**Exercise directions**
Please give back, exactly as written, the lines from the line with "Ortega Gaucho Orange" to the line with "The restaurant also" in the listing below, leaving out all pictures.

**Supplied material**
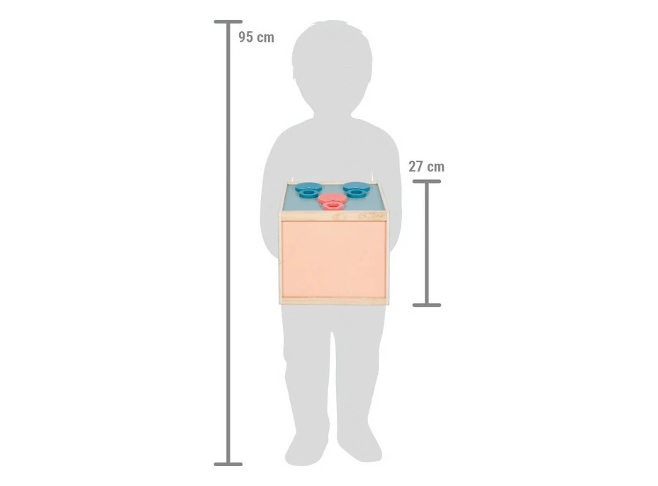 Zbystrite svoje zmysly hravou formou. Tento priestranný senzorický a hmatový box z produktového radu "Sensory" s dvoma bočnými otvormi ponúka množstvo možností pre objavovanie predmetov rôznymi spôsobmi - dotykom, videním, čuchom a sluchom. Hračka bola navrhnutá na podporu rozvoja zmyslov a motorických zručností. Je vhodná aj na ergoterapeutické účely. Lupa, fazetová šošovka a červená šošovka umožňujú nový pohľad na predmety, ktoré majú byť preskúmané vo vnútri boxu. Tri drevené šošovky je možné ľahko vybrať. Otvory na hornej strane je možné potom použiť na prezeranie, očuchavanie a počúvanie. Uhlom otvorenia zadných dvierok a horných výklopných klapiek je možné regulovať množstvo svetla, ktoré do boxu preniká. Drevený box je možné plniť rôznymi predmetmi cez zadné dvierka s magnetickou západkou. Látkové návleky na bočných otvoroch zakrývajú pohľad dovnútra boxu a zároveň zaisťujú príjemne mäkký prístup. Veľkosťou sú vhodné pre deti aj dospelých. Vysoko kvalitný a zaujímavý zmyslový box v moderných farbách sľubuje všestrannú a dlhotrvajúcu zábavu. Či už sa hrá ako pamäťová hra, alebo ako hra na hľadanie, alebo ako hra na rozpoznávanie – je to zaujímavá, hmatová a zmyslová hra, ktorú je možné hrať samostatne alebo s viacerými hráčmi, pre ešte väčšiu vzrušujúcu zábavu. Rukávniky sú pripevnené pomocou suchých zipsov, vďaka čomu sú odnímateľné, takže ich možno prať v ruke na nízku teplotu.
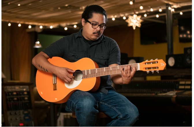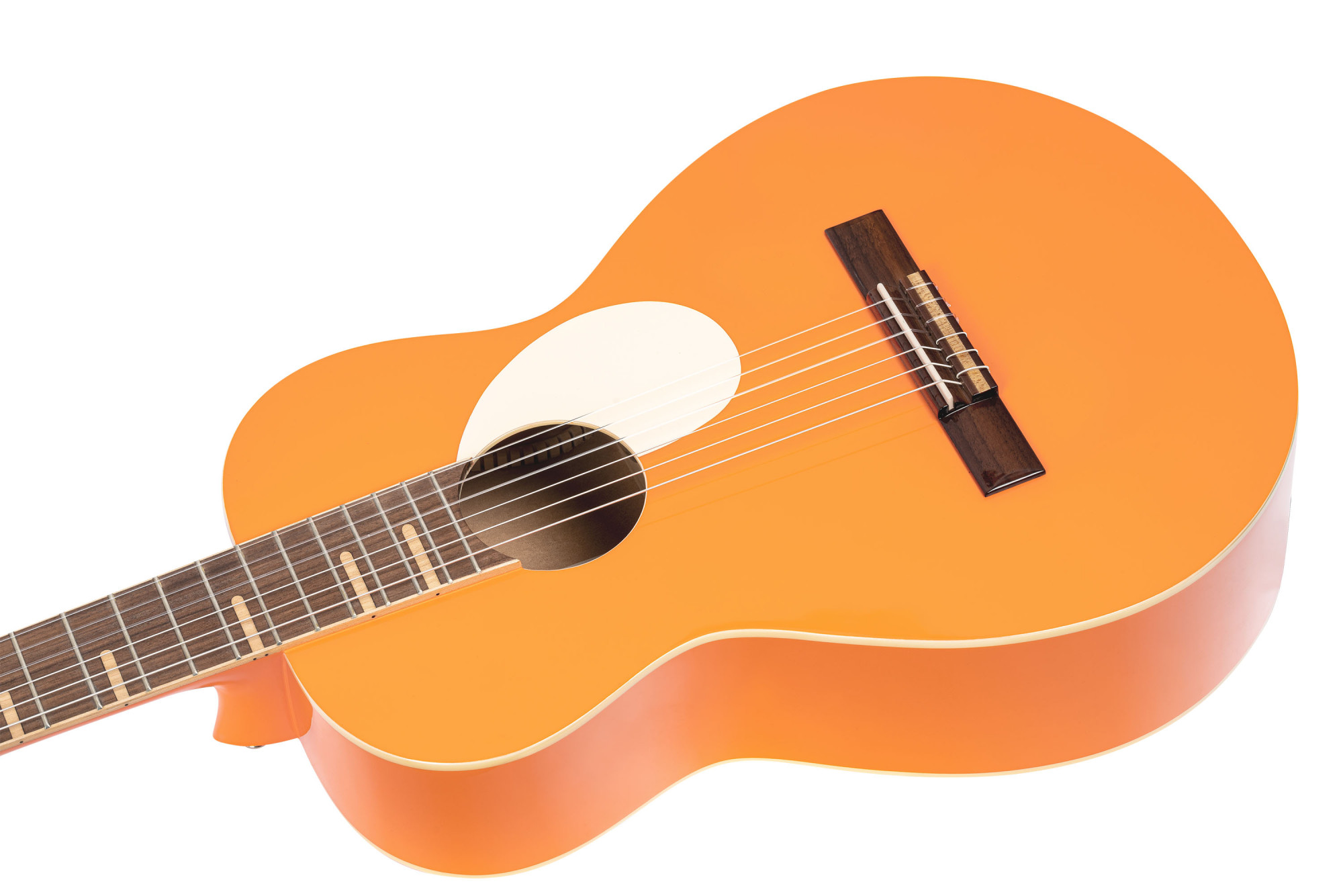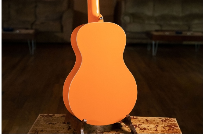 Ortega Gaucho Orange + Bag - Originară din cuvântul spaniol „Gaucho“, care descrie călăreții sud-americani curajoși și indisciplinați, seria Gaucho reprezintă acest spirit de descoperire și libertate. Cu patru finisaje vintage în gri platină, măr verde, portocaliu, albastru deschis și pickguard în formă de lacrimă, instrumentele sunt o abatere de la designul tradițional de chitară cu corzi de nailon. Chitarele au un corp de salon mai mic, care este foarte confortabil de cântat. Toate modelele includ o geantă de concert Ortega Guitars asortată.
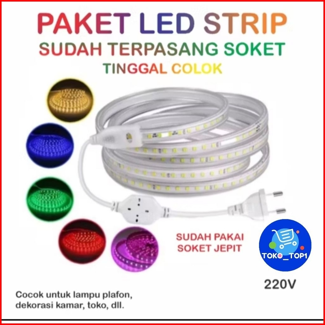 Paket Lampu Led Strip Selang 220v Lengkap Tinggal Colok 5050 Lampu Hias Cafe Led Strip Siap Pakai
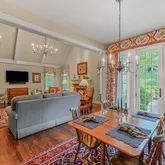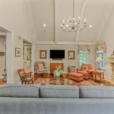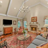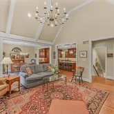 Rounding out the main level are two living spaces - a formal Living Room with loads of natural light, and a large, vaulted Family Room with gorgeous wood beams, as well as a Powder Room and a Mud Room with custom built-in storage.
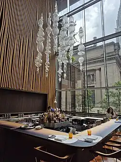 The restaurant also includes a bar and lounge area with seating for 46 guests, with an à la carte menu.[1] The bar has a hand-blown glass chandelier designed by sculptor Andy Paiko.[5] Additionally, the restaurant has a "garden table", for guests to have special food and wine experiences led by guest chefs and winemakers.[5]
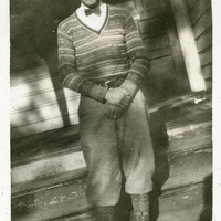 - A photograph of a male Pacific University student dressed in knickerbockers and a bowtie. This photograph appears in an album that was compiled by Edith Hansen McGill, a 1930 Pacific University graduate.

...

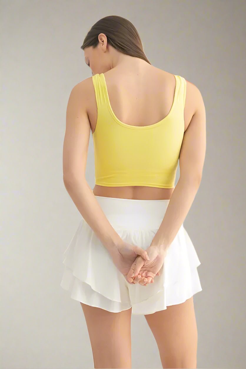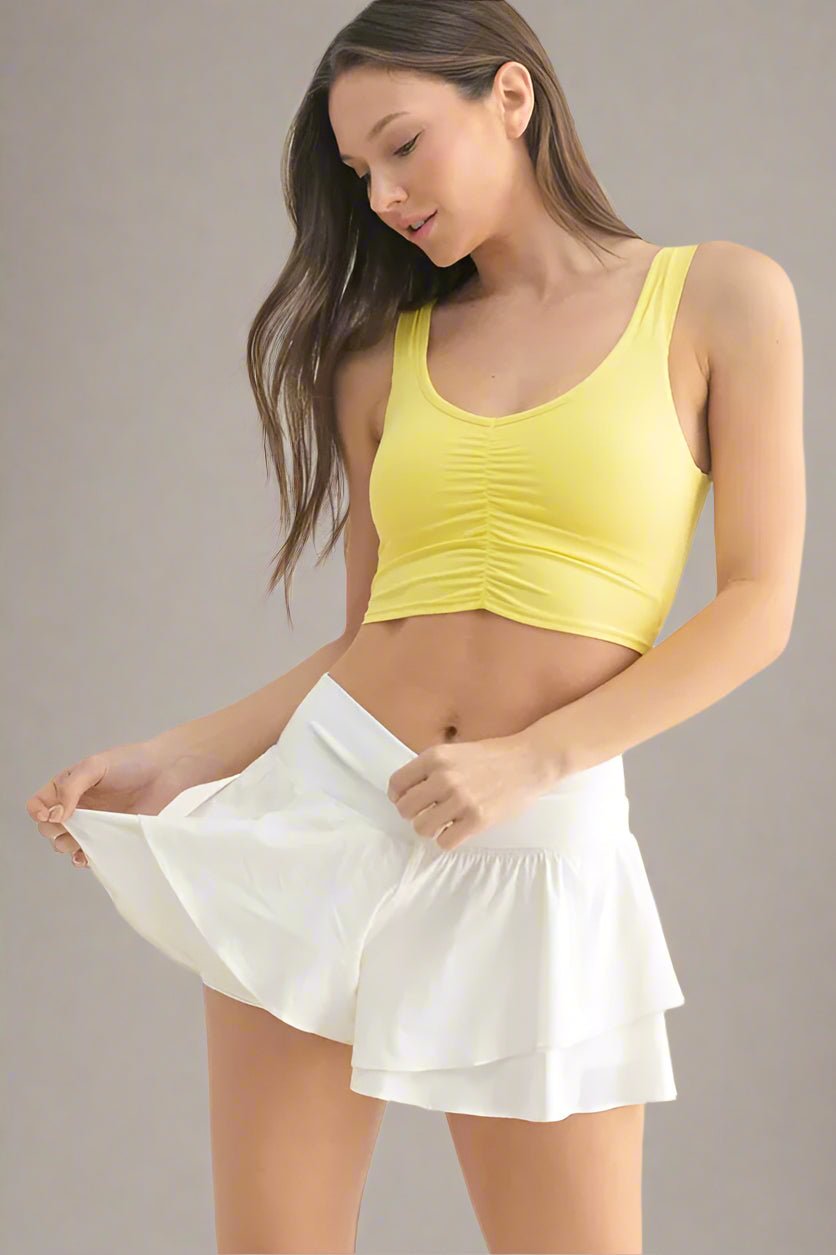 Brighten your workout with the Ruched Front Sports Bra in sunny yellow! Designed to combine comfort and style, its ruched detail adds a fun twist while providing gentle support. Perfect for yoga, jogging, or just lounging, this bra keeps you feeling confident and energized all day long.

**Reply**
 Ortega Gaucho Orange + Bag - Originară din cuvântul spaniol „Gaucho“, care descrie călăreții sud-americani curajoși și indisciplinați, seria Gaucho reprezintă acest spirit de descoperire și libertate. Cu patru finisaje vintage în gri platină, măr verde, portocaliu, albastru deschis și pickguard în formă de lacrimă, instrumentele sunt o abatere de la designul tradițional de chitară cu corzi de nailon. Chitarele au un corp de salon mai mic, care este foarte confortabil de cântat. Toate modelele includ o geantă de concert Ortega Guitars asortată.
 Paket Lampu Led Strip Selang 220v Lengkap Tinggal Colok 5050 Lampu Hias Cafe Led Strip Siap Pakai
 Rounding out the main level are two living spaces - a formal Living Room with loads of natural light, and a large, vaulted Family Room with gorgeous wood beams, as well as a Powder Room and a Mud Room with custom built-in storage.
 The restaurant also includes a bar and lounge area with seating for 46 guests, with an à la carte menu.[1] The bar has a hand-blown glass chandelier designed by sculptor Andy Paiko.[5] Additionally, the restaurant has a "garden table", for guests to have special food and wine experiences led by guest chefs and winemakers.[5]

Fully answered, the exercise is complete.